Willkommen im Zeitalter des „Tiefen Zweifels“

Angesichts der Flut von fotorealistischen, KI-generierten Bildern, die heutzutage über soziale Netzwerke wie X und Facebook hinwegspülen, scheint es, als würden wir ein neues Zeitalter der Medienskepsis betreten: das Zeitalter des „tiefen Zweifels“. Während die Authentizität digitaler Inhalte seit Jahrzehnten in Frage gestellt wird – und analoge Medien lange davor – hat der einfache Zugang zu Tools, die überzeugende gefälschte Inhalte erzeugen, eine neue Welle von Lügnern hervorgebracht, die KI-generierte Szenen nutzen, um echte dokumentarische Beweise zu leugnen. Dabei erreicht die bestehende Skepsis der Menschen gegenüber Online-Inhalten von Fremden möglicherweise neue Höhen.

Die Entstehung des „Tiefen Zweifels“

Der „tiefe Zweifel“ ist eine Skepsis gegenüber realen Medien, die aus der Existenz generativer KI resultiert. Dies manifestiert sich als breite öffentliche Skepsis gegenüber der Wahrhaftigkeit von Medienartefakten, was wiederum zu einer bemerkenswerten Folge führt: Menschen können nun glaubhafter behaupten, dass reale Ereignisse nicht stattgefunden haben, und vorschlagen, dass dokumentarische Beweise mit KI-Tools gefälscht wurden.

Das Konzept hinter dem „tiefen Zweifel“ ist nicht neu, aber seine realen Auswirkungen werden zunehmend offensichtlich. Seit der Begriff „Deepfake“ 2017 erstmals auftauchte, haben wir eine rasante Entwicklung der Fähigkeiten KI-generierter Medien erlebt. Dies hat zu jüngsten Beispielen des tiefen Zweifels in Aktion geführt, wie etwa Verschwörungstheoretiker, die behaupten, dass Präsident Joe Biden durch ein KI-gestütztes Hologramm ersetzt wurde, und dem unbegründeten Vorwurf des ehemaligen Präsidenten Donald Trump im August, dass Vizepräsidentin Kamala Harris KI verwendet hat, um die Menschenmengen bei ihren Kundgebungen zu fälschen. Und am Freitag rief Trump erneut „KI“ bei einem Foto von ihm mit E. Jean Carroll, einer Schriftstellerin, die ihn erfolgreich wegen sexueller Übergriffe verklagte, das seiner Behauptung widerspricht, sie nie getroffen zu haben.

Die rechtlichen und gesellschaftlichen Implikationen

Rechtswissenschaftler wie Danielle K. Citron und Robert Chesney haben diesen Trend bereits vor Jahren vorausgesehen und 2019 den Begriff „Liar's Dividend“ geprägt, um die Folge des tiefen Zweifels zu beschreiben: Deepfakes, die von Lügnern genutzt werden, um authentische Beweise zu diskreditieren.
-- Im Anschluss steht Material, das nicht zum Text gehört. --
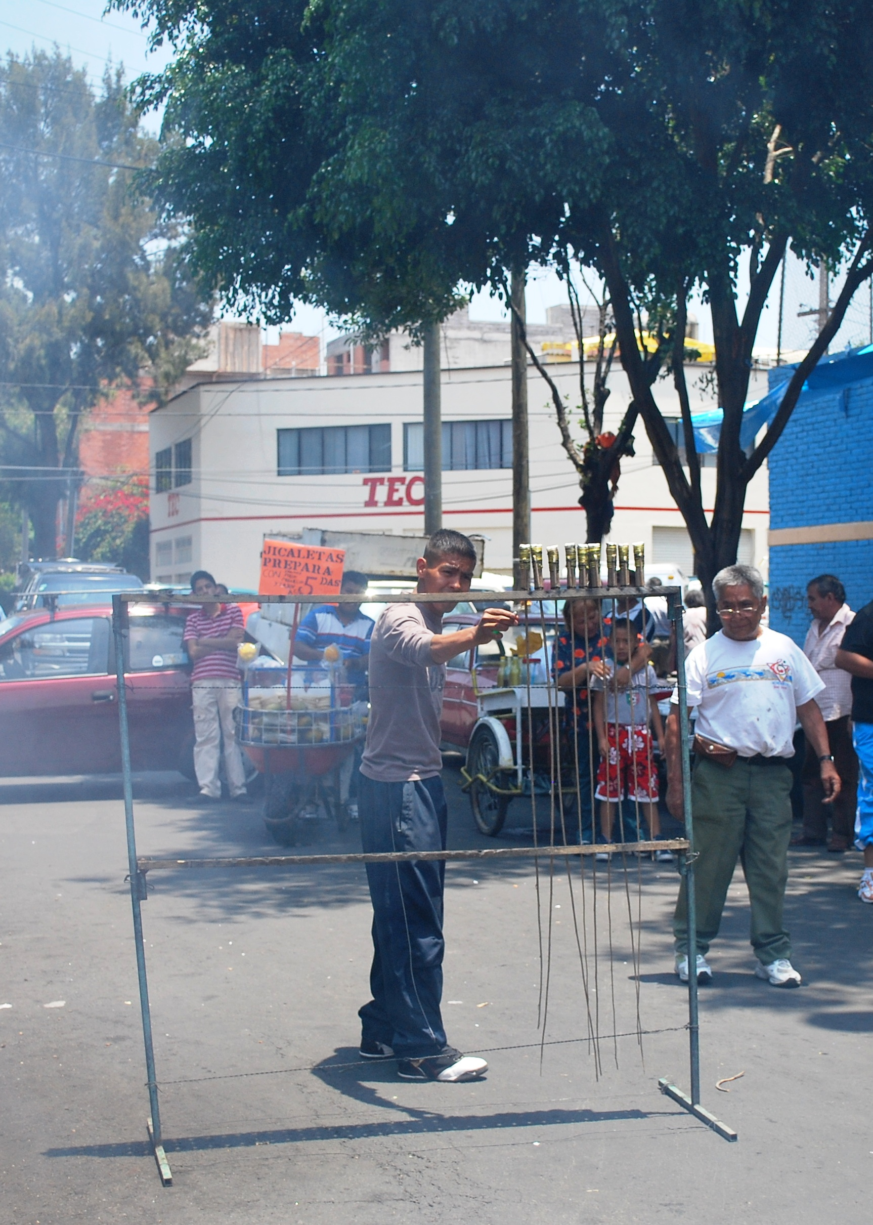 Lighting fireworks at the Feast of the Virgin of San Juan de los Lagos in Colonia Doctores, Mexico City

Aber während tiefen Zweifel einst ein hypothetisches akademisches Konzept war, ist es jetzt unsere Realität.

Der Zweifel war seit der Antike eine politische Waffe. Diese moderne, von KI befeuerte Manifestation ist nur die jüngste Entwicklung einer Taktik, bei der die Samen der Unsicherheit gesät werden, um die öffentliche Meinung zu manipulieren, Gegner zu untergraben und die Wahrheit zu verbergen. KI ist das neueste Refugium der Lügner.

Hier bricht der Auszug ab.